Сперва я не поверил. Жениться под восемьдесят лет! Но слухи подтвердились. В кассу взаимопомощи поступило заявление о ссуде. В заявлении было черным по белому написано: по случаю вступления в брак.
Через несколько дней прилетел Успенский – единственный, кто мог что-то знать от самого старика. Разговора о самом главном у нас не получилось, но о старике мы немножко посплетничали. Паша подтвердил: да, женится. И добавил подробности. Невесте семнадцать лет. Такая беленькая девочка. Приезжая из Пущи. Загс не хотел регистрировать. Пришлось оказать давление.
– Послушай, Паша, – сказал я. – Но это же бред…
– Бред? – переспросил он. – Почему бред? Рядом с нами происходили события почуднее, и мы с тобой не удивлялись…
Через пять с половиной месяцев после женитьбы у Антоневича родился сын. Несколько дней об этом поговорили, кто-то ахал, кто-то возмущался, кто-то понимающе покачивал головой, а затем все успокоились и привыкли к тому, что во дворе Института гуляет с коляской беленькая девочка-мать. И многие, заглядывая под козырек коляски, находили в твердом немигающем взгляде крупного щекастого младенца какое-то сходство со стариком Антоневичем.
Весной девочка уехала к себе на родину и не вернулась.
Таков был человек, привезший мне записки от двух дорогих мне женщин. Одну из них я любил. Другая любила меня. Женился я на третьей.
III. Три Пе плюс Це Аш
Сутки прочь – и новый гость. На этот раз мою отшельническую келью самолично посещает Сергей Николаевич Алмазов. Сергей Николаевич – заместитель директора Института по хозяйству и правая рука Успенского. В настоящее время рука чувствует себя отделенной от тела, чем, на мой взгляд, и объясняется неожиданный визит. Сергей Николаевич привез мне на подпись некролог об Успенском, но это только повод, подпись вполне могли поставить и без меня. Пока я читаю некролог, Сергей Николаевич расхаживает по квартире. Квартиру мою он отлично знает, но ему доставляет подсознательное удовольствие обойти ее всю от кабинета до кухни, пощупать книжные полки и заглянуть хозяйским глазом в ванную. При этом у него такой вид, какой, вероятно, бывал у Рокфеллера-старшего при посещении подаренной им городу картинной галереи. Алмазов искренне убежден, что эту квартиру он мне подарил, и, если не становиться на формальную точку зрения, он не так уж далек от истины. Квартирой я обязан ему, а он, в свою очередь, обязан мне своим появлением в Институте. Мы с Сергеем Николаевичем знакомы еще по фронту, близкими друзьями нас не назовешь, но нас крепко связывают некоторые общие воспоминания и своеобразно преломленное у каждого чувство благодарности. Для того, чтоб понять наши непростые отношения, нужно мысленно перенестись в сравнительно недавнее, но густо насыщенное событиями прошлое, что я и сделаю при случае. А пока я читаю некролог. Некролог как некролог, написан опытной рукой. Самоотверженный. Скромный и отзывчивый. Правительство высоко оценило заслуги покойного. Орденов действительно много.

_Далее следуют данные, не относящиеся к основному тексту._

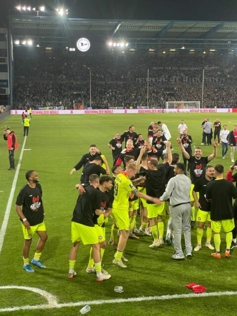 Nach dem Schlusspfiff wurde am Dienstagabend direkt auf dem Rasen losgefeiert, bevor es im Bus zurück nach Wiesbaden ging. Dieser steuerte dann am frühen Morgen Das Wohnzimmer in der Schwalbacher Straße an, wo die Aufsteiger erwartet wurden.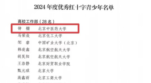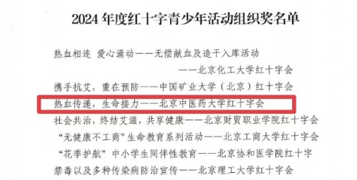 近日,校团委红十字会学生分会凭借在2023-2024无偿献血和造血干细胞捐献宣传招募活动中的出色表现,荣获了2024年度北京市红十字青少年活动组织奖(全市共18所高校获奖),万象城钟栅同学荣获2024年度优秀红十字青少年(全市共28名大学生获奖)。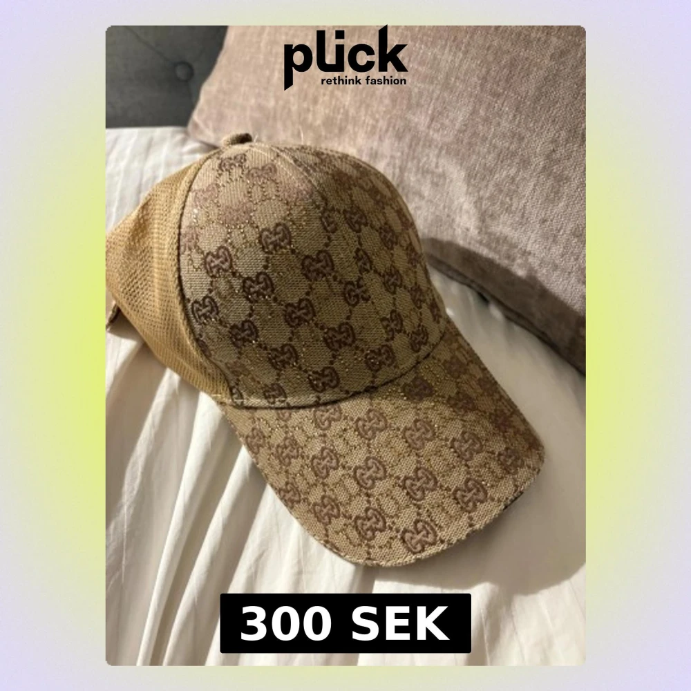Snygg beige keps med klassiskt gg- mönster i brunt och diskreta glittriga detaljer. Framsidan är i textil och baksidan har mesh för extra ventilation. Perfekt för dig som vill ha en lyxig och trendig accessoar.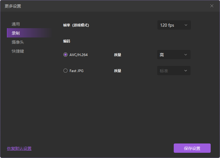 游戏录制中,帧率建议至少60帧,如对游戏录制有更高要求,可以设置为120帧。在编码上,可以调整为h264编码且质量调整为高。(摄像头设置同理)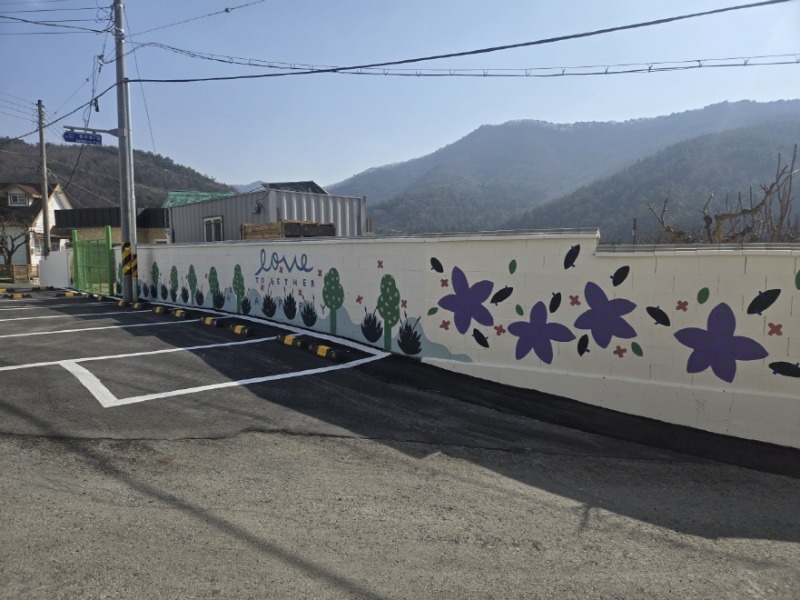 벽화는 마을 공용주차장을 두르고 있는 벽면에 그려졌으며, 마을을 대표하는 가로수인 은행나무와 라벤다 꽃잎으로 장식되었다.

– Правительство невысоко оценило заслуги покойного, наградив его всего лишь… – произношу я вслух.
Сергей Николаевич, закончивший к этому моменту обход моих владений, вздрагивает и принужденно смеется:
– Хулиган. Не зря тебя из генералов поперли… – Затем вздыхает: – Вот так-то, дорогой.
Фраза для постороннего уха бессодержательная, но я улавливаю за ней значительный подтекст – здесь и скорбь (совершенно искренняя), и высокая оценка качеств покойного, и констатация сложности возникающих проблем, и даже намек на бренность всего сущего и неисповедимость каких-то там путей, намек, который он может себе позволить лишь в таком завуалированном виде. Обменявшись несколькими столь же содержательными репликами, мы вступаем в следующую фазу.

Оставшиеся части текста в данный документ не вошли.